• _DATASET CONTENT_:

++++++++++++++++++++

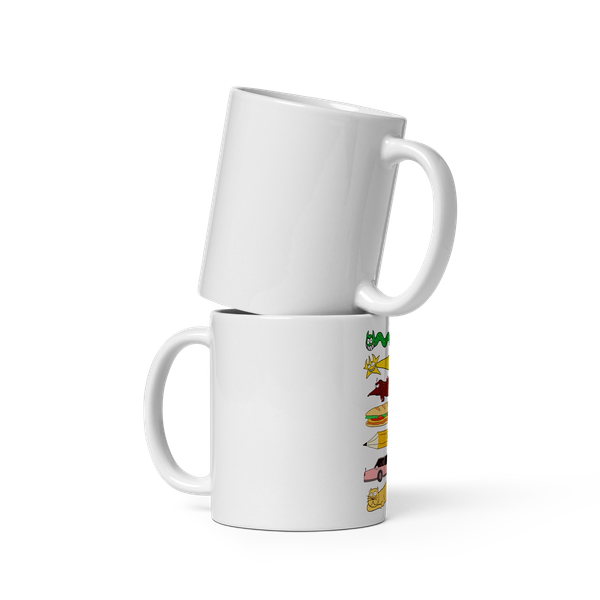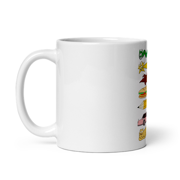 una taza con los dibujitos que hice que son to largos, hay también una lámina con esta ilustración x si te gusta mas
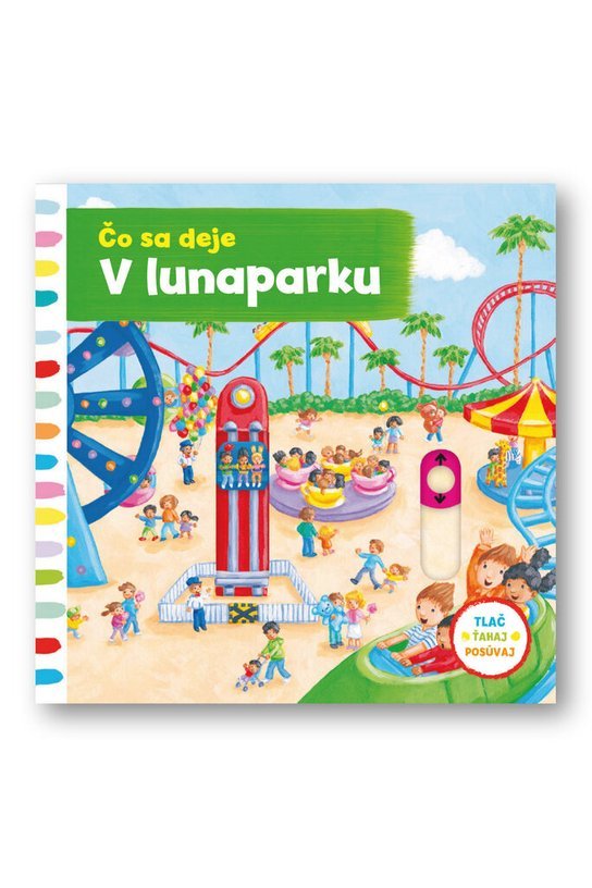 Zaujíma ťa, čo sa deje v zábavnom parku? Toto leporelo je určené pre deti od jedného roka. Má pevné stránky s posuvnými a otočnými prvkami, a tak si dieťa pri prezeraní knižky súčasne precvičí jemnú motoriku - môže na jednotlivých stránkach posúvať, ťahať, otáčať. Objaví nové veci a môžete sa o nich spoločne porozprávať!
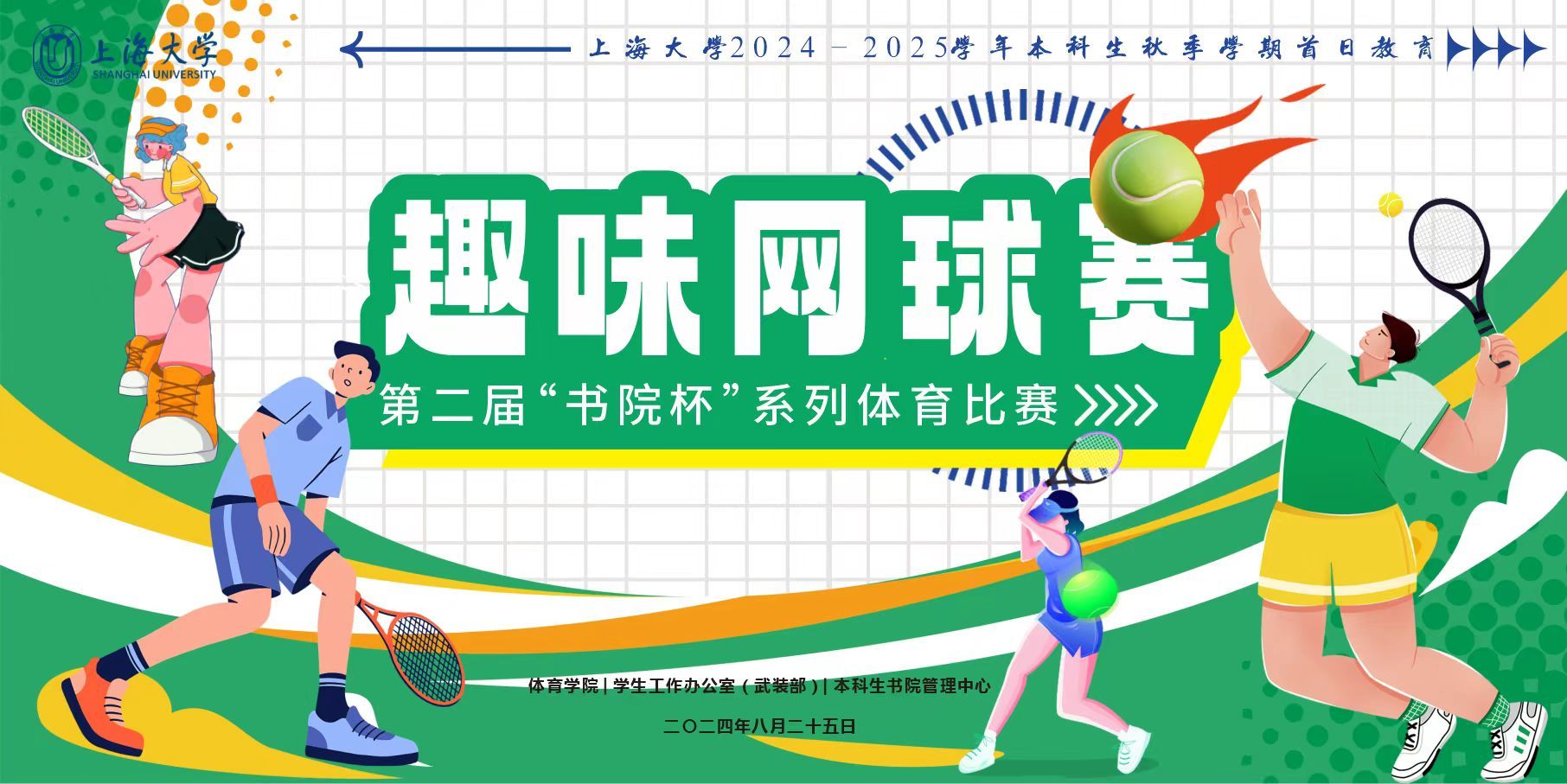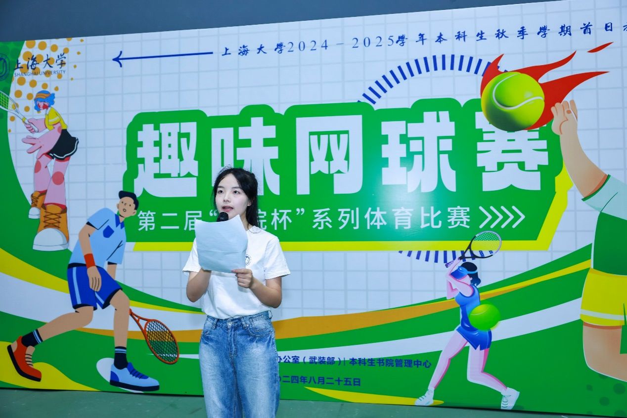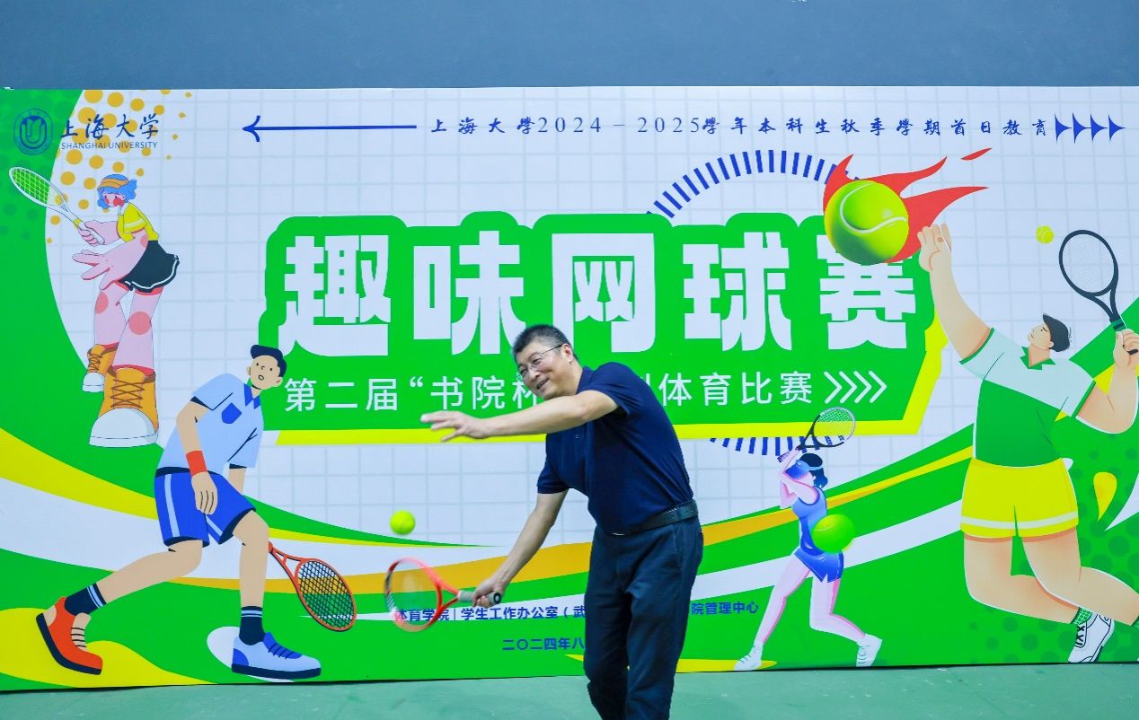 为学习贯彻习近平新时代中国特色社会主义思想、党的二十大精神,贯彻落实全国教育大会及《关于全面加强和改进新时代学校体育工作的意见》要求,弘扬奥运精神,强化体育教育,树立同学们“完全人格,首在体育”的思想观念,2024-2025学年本科生秋季学期首日,第二届上海大学“书院杯”系列体育比赛之趣味网球赛在宝山校区玄陵网球馆拉开帷幕。

++++++++++++++++++++

• _TASK DESCRIPTION_: Pictures aside, transcribe exactly the lines from the line containing "Zaujíma ťa, čo" through the final line of the material above.

• _TASK OUTPUT_:
 Zaujíma ťa, čo sa deje v zábavnom parku? Toto leporelo je určené pre deti od jedného roka. Má pevné stránky s posuvnými a otočnými prvkami, a tak si dieťa pri prezeraní knižky súčasne precvičí jemnú motoriku - môže na jednotlivých stránkach posúvať, ťahať, otáčať. Objaví nové veci a môžete sa o nich spoločne porozprávať!
 为学习贯彻习近平新时代中国特色社会主义思想、党的二十大精神,贯彻落实全国教育大会及《关于全面加强和改进新时代学校体育工作的意见》要求,弘扬奥运精神,强化体育教育,树立同学们“完全人格,首在体育”的思想观念,2024-2025学年本科生秋季学期首日,第二届上海大学“书院杯”系列体育比赛之趣味网球赛在宝山校区玄陵网球馆拉开帷幕。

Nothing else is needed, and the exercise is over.